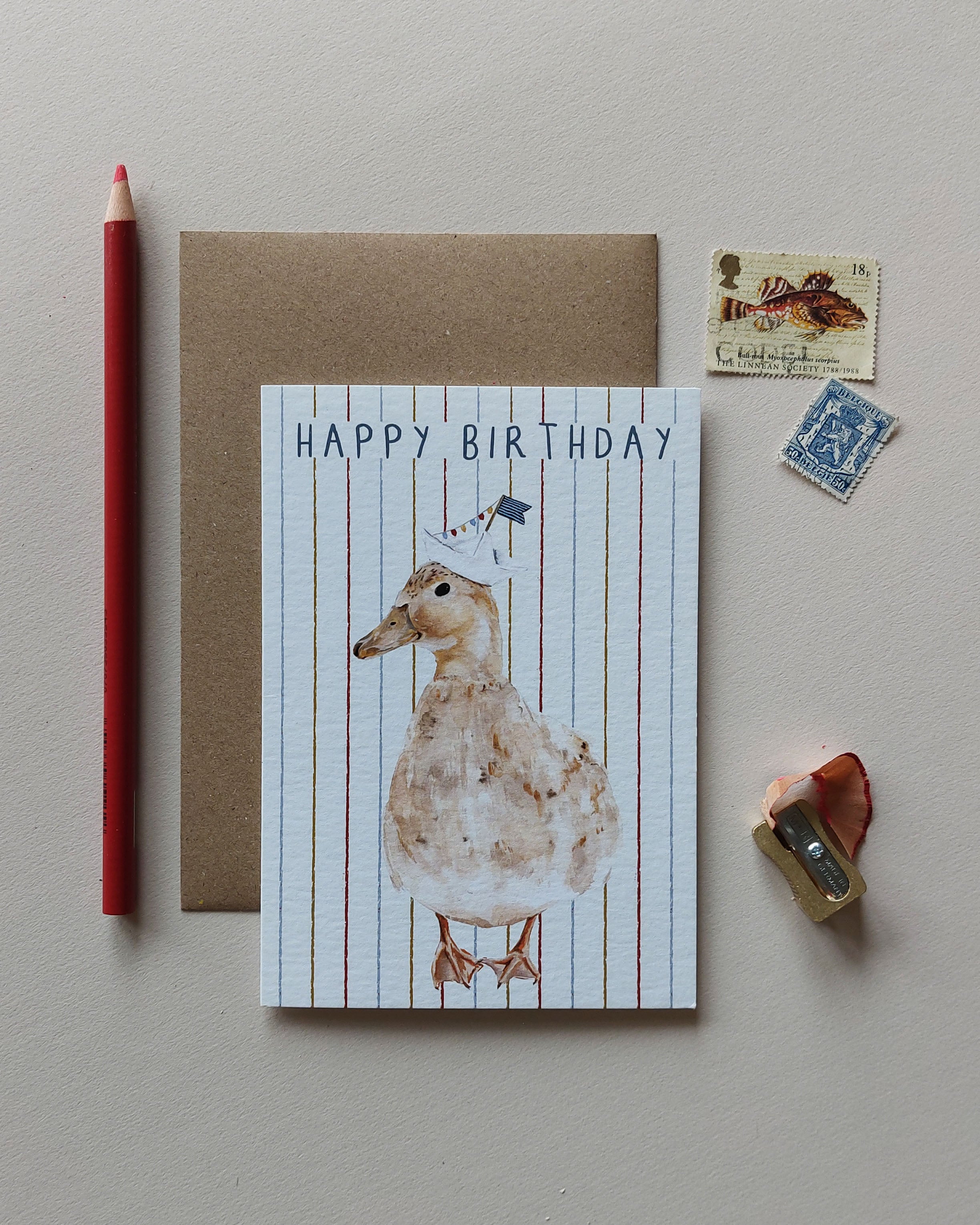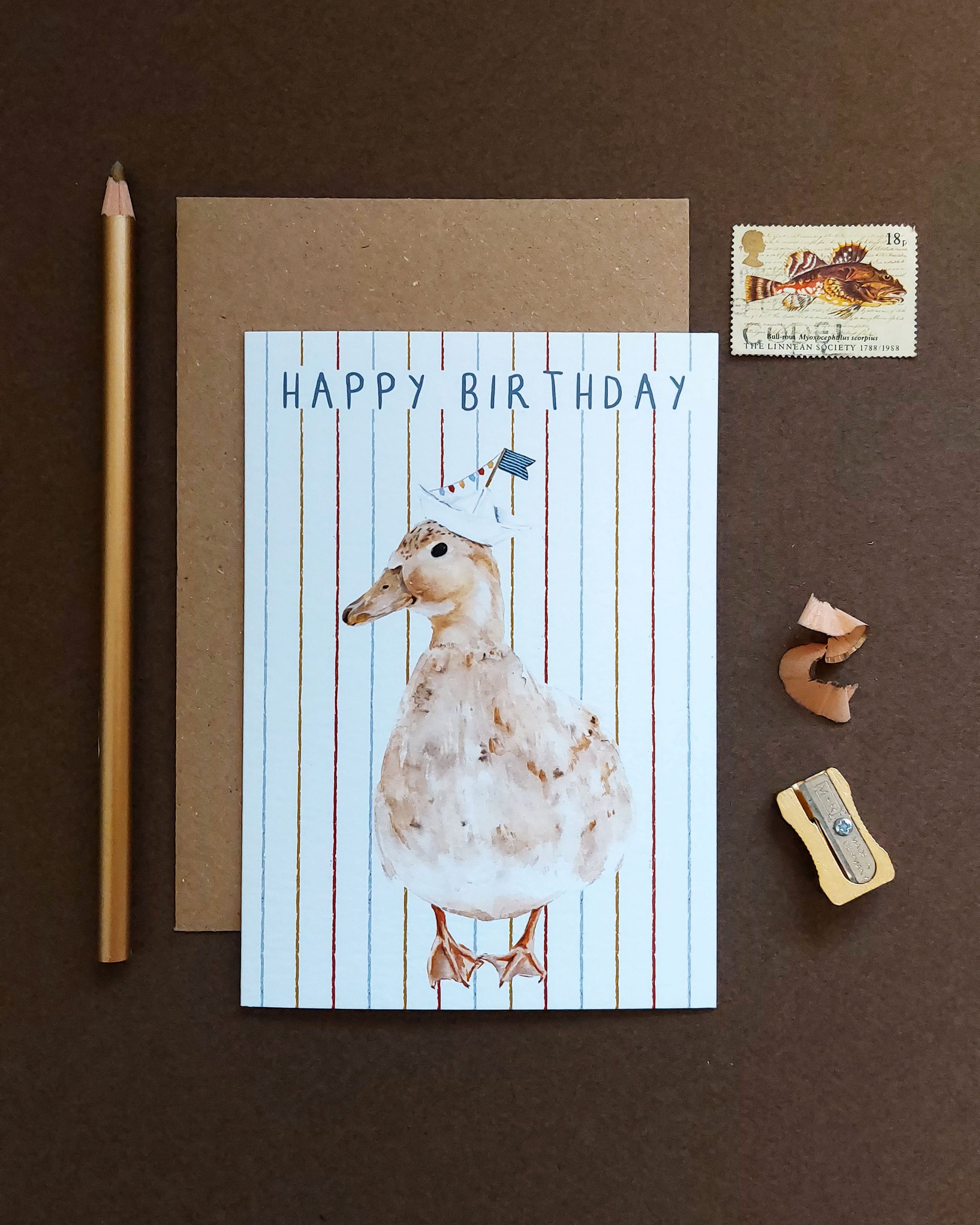 A charming hand-painted vintage nautical duck card, the perfect birthday card for all ages.
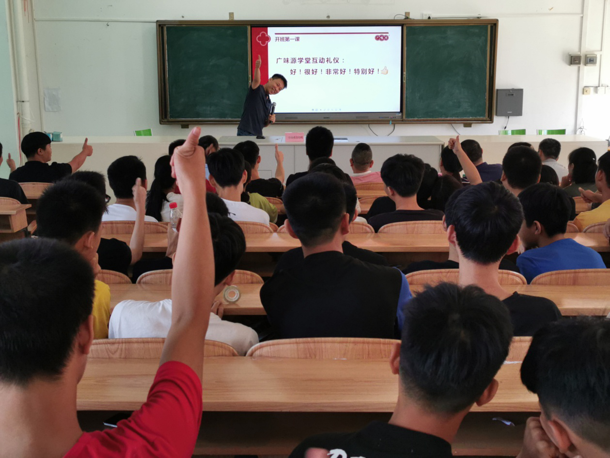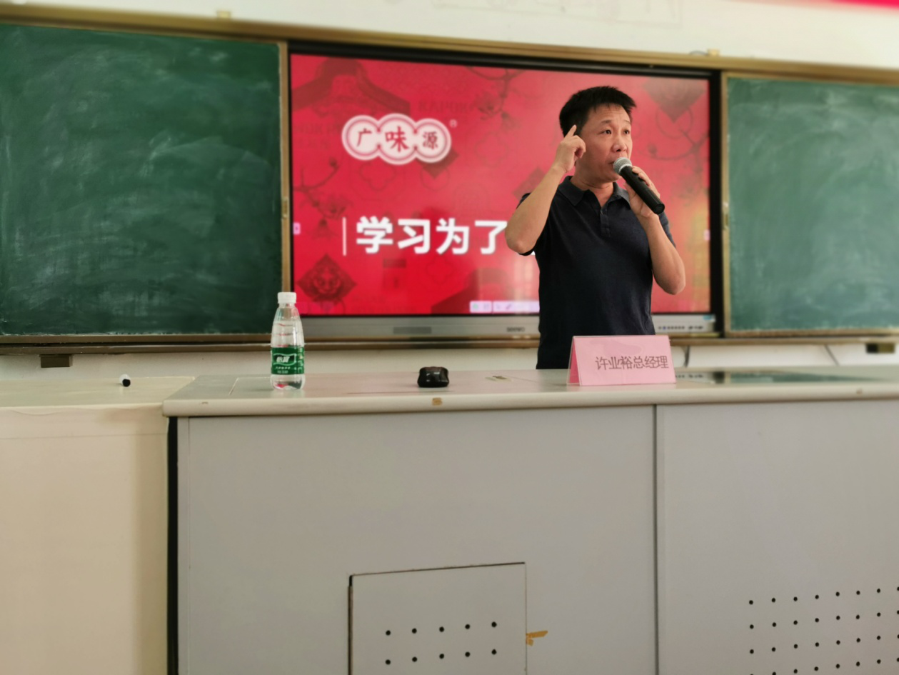 隨后,許業(yè)??偨?jīng)理為廣味源班的同學(xué)們上了精彩的開班第一課。課上,許總在重點(diǎn)介紹到廣味源公司與華南理工大學(xué)開展教、學(xué)、研全方位合作時(shí),邀請(qǐng)林偉鋒博士和陳中教授為同學(xué)們致辭,兩位老師都表示一定會(huì)不遺余力地配合此次的課程設(shè)計(jì),并對(duì)廣味班的同學(xué)們提出了殷切的期望。
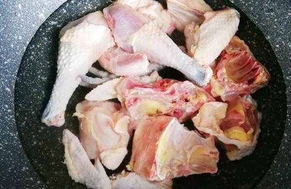 切好的雞肉,冷水入鍋進行焯水,這樣不僅可以去除雞肉的腥氣,吃起來味道也會更鮮,皮爽肉滑的好吃極瞭。
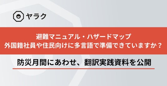生成AIを搭載した翻訳支援ツール(CATツール*)「ヤラク翻訳」を提供する八楽株式会社(本社:東京都渋谷区、代表取締役:坂西優、以下八楽)は、防災月間に合わせて「災害時の翻訳の重要性」に関する資料を公開しました。
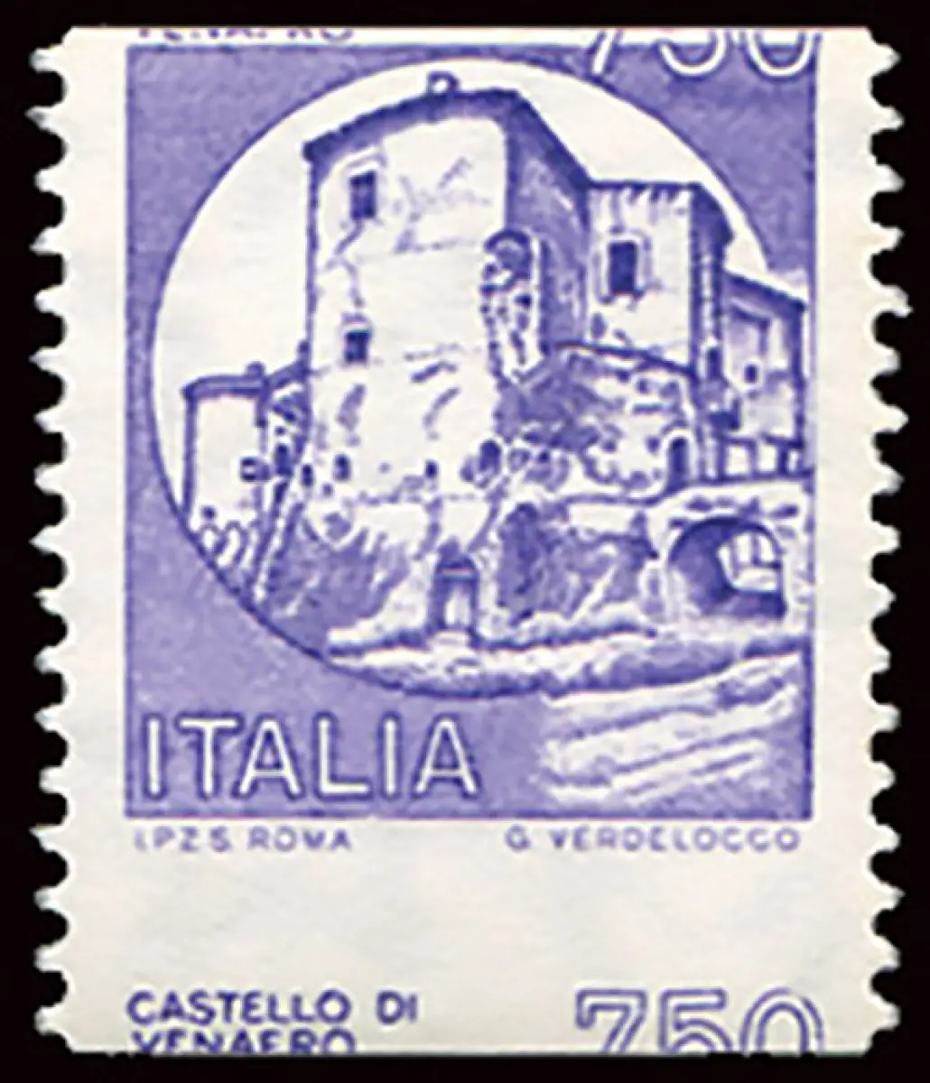 Castelli Lire 750 Maschinen Sortenschliff verschoben Vollgummi - MHN - - Castelli Lire 750 Nr. 1530G Emission für Verteilerautomaten mit stark verschobenem horizontalem Schnitt, so dass der Name des Schlosses und der Wert 750 unten statt oben liegen - Ungewöhnlich Cod. 744/14
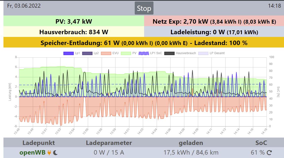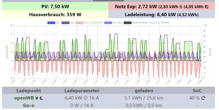 * PV Daten stark pulsierend während des Ladevorgangs. Was es arg wolkig während des Ladevorgangs oder stimmen die gelieferten Daten nicht? Die grüne Fläche sollte die PV-Produktion abbilden, das scheint aber irgendwie nicht zu passen sobald der Ladevorgang gestartet wurde. Welche PV Produktion liefert dein MQTT Setup während des Ladevorgangs, stimmen diese mit der tatsächlichen PV-Produktion überein?
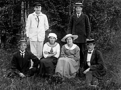 TRE KVINNOR OCH TRE MÄN SITTER I GRÄSET
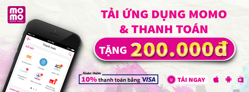 Từ hôm nay đến hết ngày 30/8, tất cả khách hàng là chủ thẻ VISA khi thực hiện giao dịch trên ứng dụng MoMo có nguồn tiền từ thẻ VISA sẽ được hoàn ngay 10% giá trị hóa đơn thanh toán. Cùng với chương trình khuyến mãi “Tặng 200.000 đồng - Trải nghiệm thanh toán trên Ứng dụng MoMo”, tổng số tiền khuyến mãi cho chủ thẻ VISA nhận được lên tới 380.000 đồng.
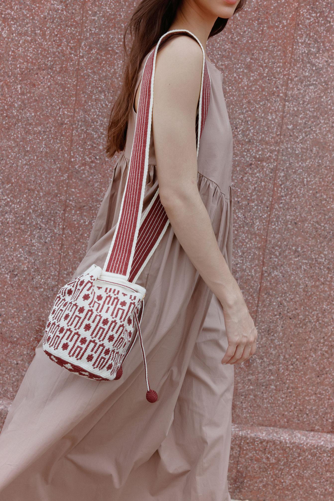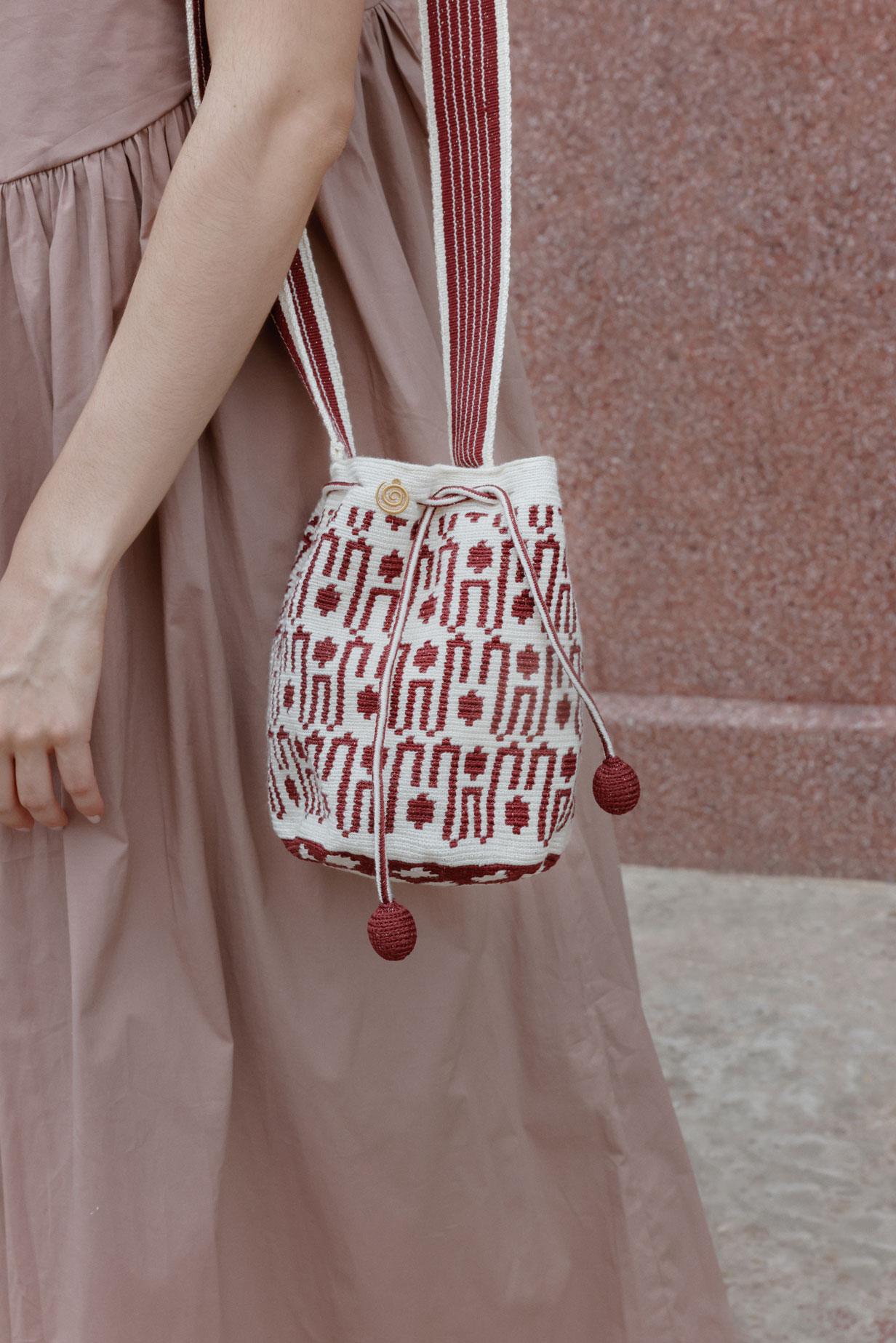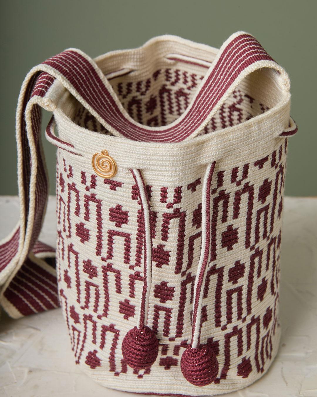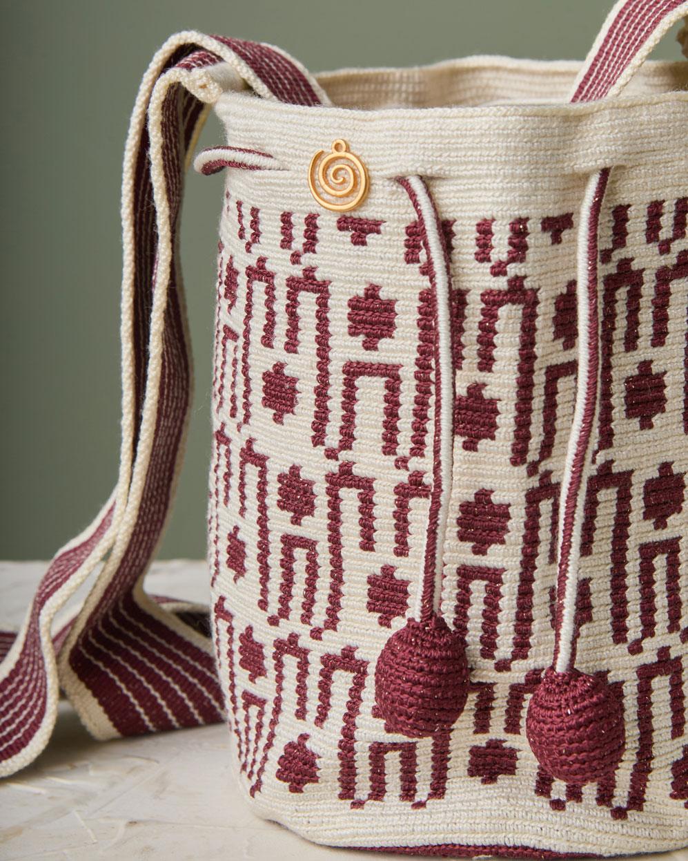 La mochila consta de cuatro partes: asa, base, cordón y borlas. Cada pieza se teje individualmente con el tejido en una hebra ancestral Wayuu, incluyendo el pegado de la asa, garantizando calidad y autenticidad.
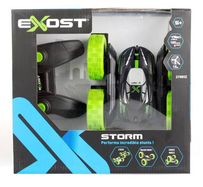 Gotowi na ekstremalnie odjechaną przejażdżkę? Storm to pojazd, który wykonuje prawdziwe akrobacje! Posiada niezależne osie skrętne, dzięki czemu potrafi obracać koła i pokonywać przeszkody. Jego dwustronny korpus urozmaici zabawę. Pojazd dostępny w dwóch kolorach do wyboru, sterowany za pomocą dołączonego pilota.
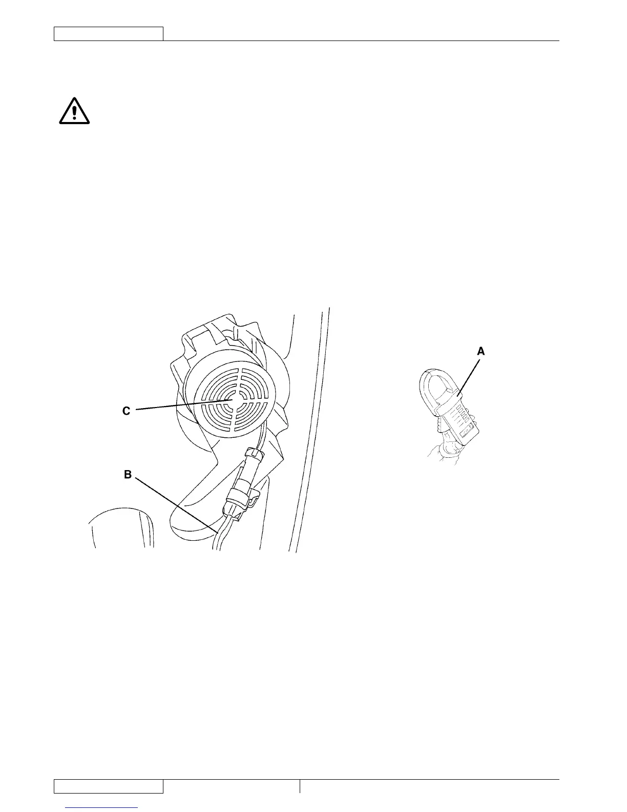Applicare la pinza amperometrica (A) su un cavo (B) del motore dell'impianto di aspirazione (C).
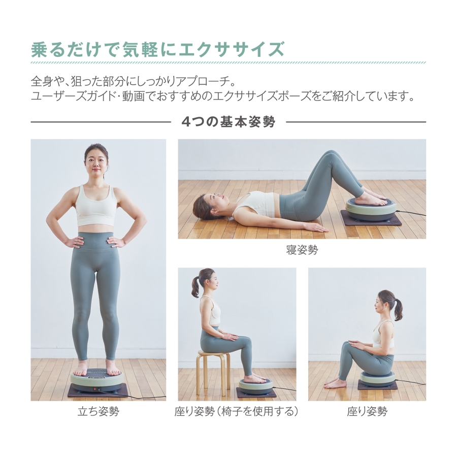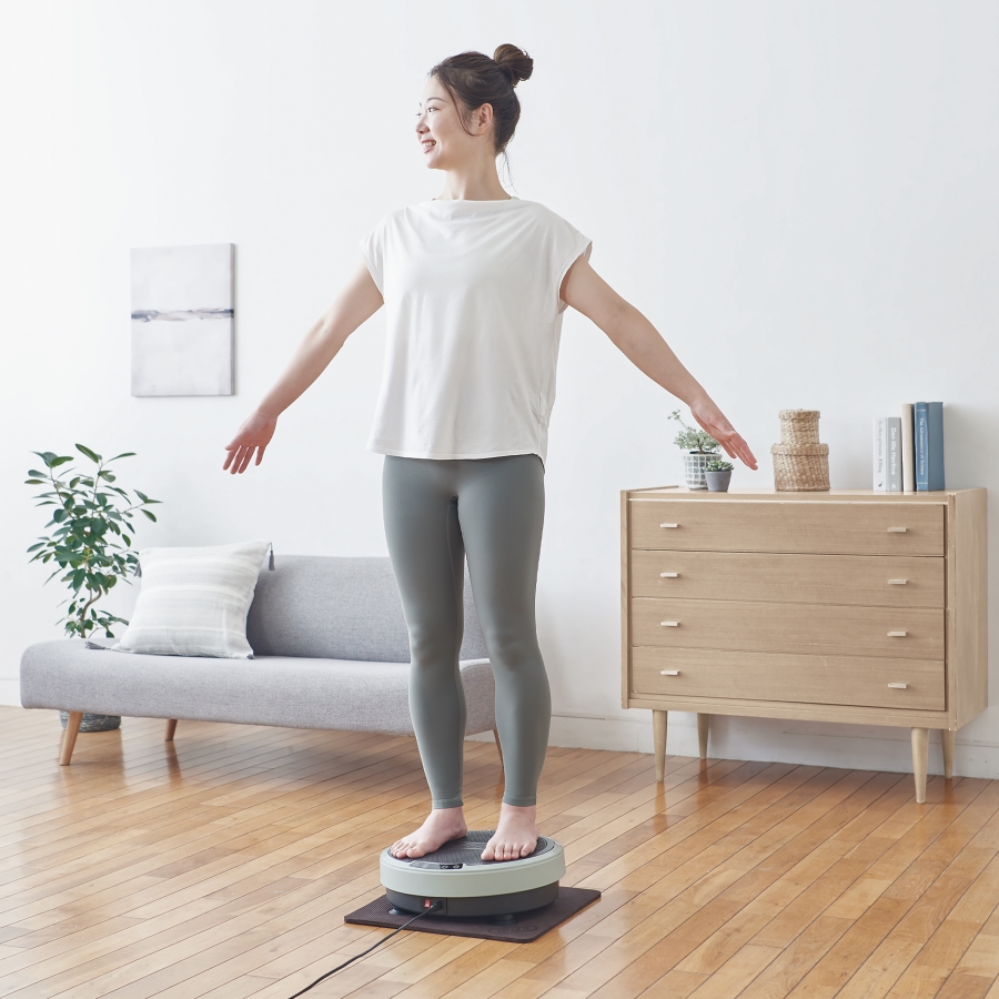 乗るだけで簡単トレーニング!コンパクトなのにパワフル振動で、全身の筋肉にアプローチ。
:::::
Problem statement - Omit the pictures and print the listing exactly.

Answer space -
 A charming hand-painted vintage nautical duck card, the perfect birthday card for all ages.
 隨后,許業(yè)??偨?jīng)理為廣味源班的同學(xué)們上了精彩的開班第一課。課上,許總在重點(diǎn)介紹到廣味源公司與華南理工大學(xué)開展教、學(xué)、研全方位合作時(shí),邀請(qǐng)林偉鋒博士和陳中教授為同學(xué)們致辭,兩位老師都表示一定會(huì)不遺余力地配合此次的課程設(shè)計(jì),并對(duì)廣味班的同學(xué)們提出了殷切的期望。
 切好的雞肉,冷水入鍋進行焯水,這樣不僅可以去除雞肉的腥氣,吃起來味道也會更鮮,皮爽肉滑的好吃極瞭。
生成AIを搭載した翻訳支援ツール(CATツール*)「ヤラク翻訳」を提供する八楽株式会社(本社:東京都渋谷区、代表取締役:坂西優、以下八楽)は、防災月間に合わせて「災害時の翻訳の重要性」に関する資料を公開しました。
 Castelli Lire 750 Maschinen Sortenschliff verschoben Vollgummi - MHN - - Castelli Lire 750 Nr. 1530G Emission für Verteilerautomaten mit stark verschobenem horizontalem Schnitt, so dass der Name des Schlosses und der Wert 750 unten statt oben liegen - Ungewöhnlich Cod. 744/14
 * PV Daten stark pulsierend während des Ladevorgangs. Was es arg wolkig während des Ladevorgangs oder stimmen die gelieferten Daten nicht? Die grüne Fläche sollte die PV-Produktion abbilden, das scheint aber irgendwie nicht zu passen sobald der Ladevorgang gestartet wurde. Welche PV Produktion liefert dein MQTT Setup während des Ladevorgangs, stimmen diese mit der tatsächlichen PV-Produktion überein?
 TRE KVINNOR OCH TRE MÄN SITTER I GRÄSET
 Từ hôm nay đến hết ngày 30/8, tất cả khách hàng là chủ thẻ VISA khi thực hiện giao dịch trên ứng dụng MoMo có nguồn tiền từ thẻ VISA sẽ được hoàn ngay 10% giá trị hóa đơn thanh toán. Cùng với chương trình khuyến mãi “Tặng 200.000 đồng - Trải nghiệm thanh toán trên Ứng dụng MoMo”, tổng số tiền khuyến mãi cho chủ thẻ VISA nhận được lên tới 380.000 đồng.
 La mochila consta de cuatro partes: asa, base, cordón y borlas. Cada pieza se teje individualmente con el tejido en una hebra ancestral Wayuu, incluyendo el pegado de la asa, garantizando calidad y autenticidad.
 Gotowi na ekstremalnie odjechaną przejażdżkę? Storm to pojazd, który wykonuje prawdziwe akrobacje! Posiada niezależne osie skrętne, dzięki czemu potrafi obracać koła i pokonywać przeszkody. Jego dwustronny korpus urozmaici zabawę. Pojazd dostępny w dwóch kolorach do wyboru, sterowany za pomocą dołączonego pilota.
Applicare la pinza amperometrica (A) su un cavo (B) del motore dell'impianto di aspirazione (C).
 乗るだけで簡単トレーニング!コンパクトなのにパワフル振動で、全身の筋肉にアプローチ。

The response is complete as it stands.